* LISTED ENTRIES

=== Section Start ===

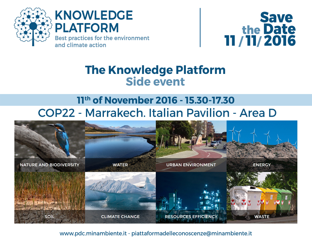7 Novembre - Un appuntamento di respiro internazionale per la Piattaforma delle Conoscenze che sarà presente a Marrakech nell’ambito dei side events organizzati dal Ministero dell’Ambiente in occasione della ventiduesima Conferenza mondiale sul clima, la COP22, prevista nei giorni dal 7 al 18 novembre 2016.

=== Section End ===
=== Section Start ===

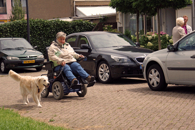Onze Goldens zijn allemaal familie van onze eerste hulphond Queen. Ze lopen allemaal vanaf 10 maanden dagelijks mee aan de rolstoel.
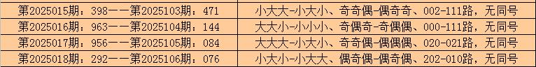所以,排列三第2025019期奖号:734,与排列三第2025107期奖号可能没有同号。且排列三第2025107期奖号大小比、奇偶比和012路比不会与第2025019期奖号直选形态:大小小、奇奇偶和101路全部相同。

=== Section End ===
=== Section Start ===

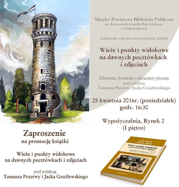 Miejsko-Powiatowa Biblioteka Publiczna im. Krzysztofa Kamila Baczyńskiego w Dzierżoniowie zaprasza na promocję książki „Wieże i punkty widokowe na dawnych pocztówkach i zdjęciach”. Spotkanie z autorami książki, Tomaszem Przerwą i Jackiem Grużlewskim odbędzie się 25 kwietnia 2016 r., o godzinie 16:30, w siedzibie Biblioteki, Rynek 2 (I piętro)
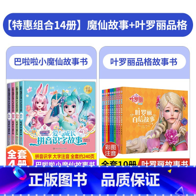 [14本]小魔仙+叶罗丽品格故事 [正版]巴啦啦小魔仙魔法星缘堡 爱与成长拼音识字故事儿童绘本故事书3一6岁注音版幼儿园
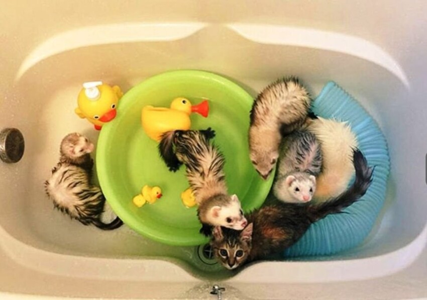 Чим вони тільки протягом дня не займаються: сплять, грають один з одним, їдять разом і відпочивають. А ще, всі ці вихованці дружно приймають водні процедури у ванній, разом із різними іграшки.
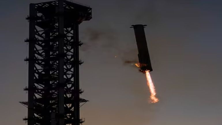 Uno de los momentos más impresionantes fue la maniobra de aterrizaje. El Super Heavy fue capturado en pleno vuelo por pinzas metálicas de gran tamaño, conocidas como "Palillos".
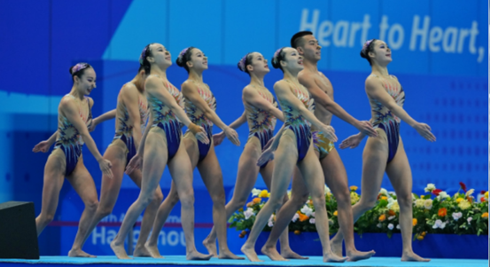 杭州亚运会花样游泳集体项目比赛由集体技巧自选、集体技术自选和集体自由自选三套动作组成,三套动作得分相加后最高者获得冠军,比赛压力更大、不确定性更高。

=== Section End ===

* TASK DESCRIPTION
Skipping every picture, transcribe exactly the lines above from the one containing "Onze Goldens zijn" through the one containing "所以,排列三第2025019", both included.

* COMPLETED TASK
Onze Goldens zijn allemaal familie van onze eerste hulphond Queen. Ze lopen allemaal vanaf 10 maanden dagelijks mee aan de rolstoel.
所以,排列三第2025019期奖号:734,与排列三第2025107期奖号可能没有同号。且排列三第2025107期奖号大小比、奇偶比和012路比不会与第2025019期奖号直选形态:大小小、奇奇偶和101路全部相同。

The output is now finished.